I was born Samantha Burtman, the only child of Emma and John Burtman. I contend they never had any more children because they, in retrospect, should probably have never had even one. They were on the verge of breaking up, but somehow decided getting married was the better choice. My first memories are of them arguing. My first words were reiterations of curses they had previously tossed back and forth at one another. I also contend that what finally opened my mother's eyes was when she heard the phrase, "No good deadbeat loser" come from my own mouth to describe my own father, when I was just four years old.
But at four, I had no idea what that meant. I adored my father at that age, in my innocence. He took me to fun places, let me stay up late and watch television with him. He let me do pretty much anything I wanted, anytime I wanted. He bought me presents…things I wanted, and also things I would never have known I wanted until it was in my hands. He took me on adventures. He understood me in a way my mother did not.

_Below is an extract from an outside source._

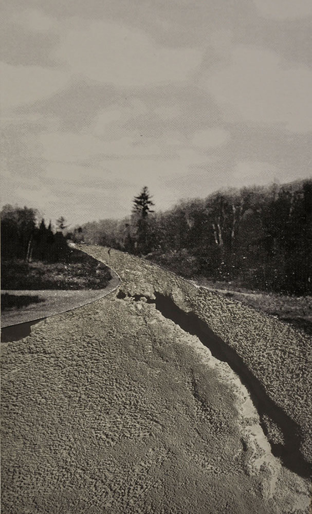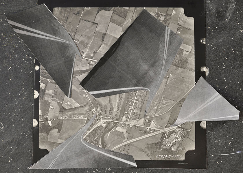 The aerial photograph is a commonplace article with a given function. It reveals the marks we make building shelter, planting and fracturing the surface with roadways, a record of a given moment in time. My collages transform the content of the photos, telling the story of people and land, an interconnection both lifelong and temporary.

She wanted a normal daughter. I say this, and I know it sounds harsh. There is no harsh intention here, only factual relaying of information. Her own life growing up had been difficult, and her hopes for me were that I could do all of the things that she had never had the opportunity to do. Her parents owned a restaurant, and it was their sole source of income. They worked night and day, and once she was old enough, so did she. They made her part of their struggles, instead of trying to shield her from that. She wanted to shield me from that. But my father would not allow that shield to stay in place. It was just one of the things they disagreed about all the time.
It took until I was seven years old before my mother had enough. I say that now, looking back with the wisdom I did not have when I was a child. The seven year old me blamed her for not loving my father enough, for not doing what she should have, for not saying what she should have, to make him stay. I later learned she actually threw him out. I grew to hate her for tearing my family apart. But, as I said before, she had merely had enough.

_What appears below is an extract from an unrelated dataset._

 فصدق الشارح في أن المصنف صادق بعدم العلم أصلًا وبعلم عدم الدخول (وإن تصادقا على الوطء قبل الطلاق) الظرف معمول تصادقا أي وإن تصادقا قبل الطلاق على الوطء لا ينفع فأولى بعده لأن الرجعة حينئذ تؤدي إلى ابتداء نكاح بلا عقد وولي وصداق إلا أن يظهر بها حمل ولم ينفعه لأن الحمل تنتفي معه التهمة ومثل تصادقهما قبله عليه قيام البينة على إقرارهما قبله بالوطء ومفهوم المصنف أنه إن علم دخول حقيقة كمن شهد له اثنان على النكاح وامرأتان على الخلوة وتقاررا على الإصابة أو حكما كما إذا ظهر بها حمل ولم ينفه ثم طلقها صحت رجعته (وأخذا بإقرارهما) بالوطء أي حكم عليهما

She had tried for eight years to stay married to someone who, truth be told, had no desire to be married to her. In his own way, my father loved her. I know that, because it was the same way he loved me. It was weak, selfish, and grossly insufficient, but it was love. My mother needed more than that. As it turns out, so did I, only, at seven, I had no idea that I did.
In an angry, screaming argument where I was crouched behind the sofa in our rented house with my hands pressed over my ears, I heard the threat. Well, then, we'll let her decide. No one in their right frame of mind–no decent, loving parent–would ask their seven year old to choose between their mother and father. But, that was exactly what they did.
So I chose my father.
Something else, unbeknownst to me until I was an adult, was that my mother had been diagnosed with breast cancer about one month before that argument. She had no health insurance, considering she was a stay at home mother, and my father was a criminal. Once he was gone, she had nothing. She wanted me to go with him because she knew he at the very least could take care of me. She had actually feared the government would take me away from her and put me in foster care, if I'd stayed with her. I'm fairly certain my mother wasn't far from the truth to think that. During that time, she even dealt with a stint of homelessness.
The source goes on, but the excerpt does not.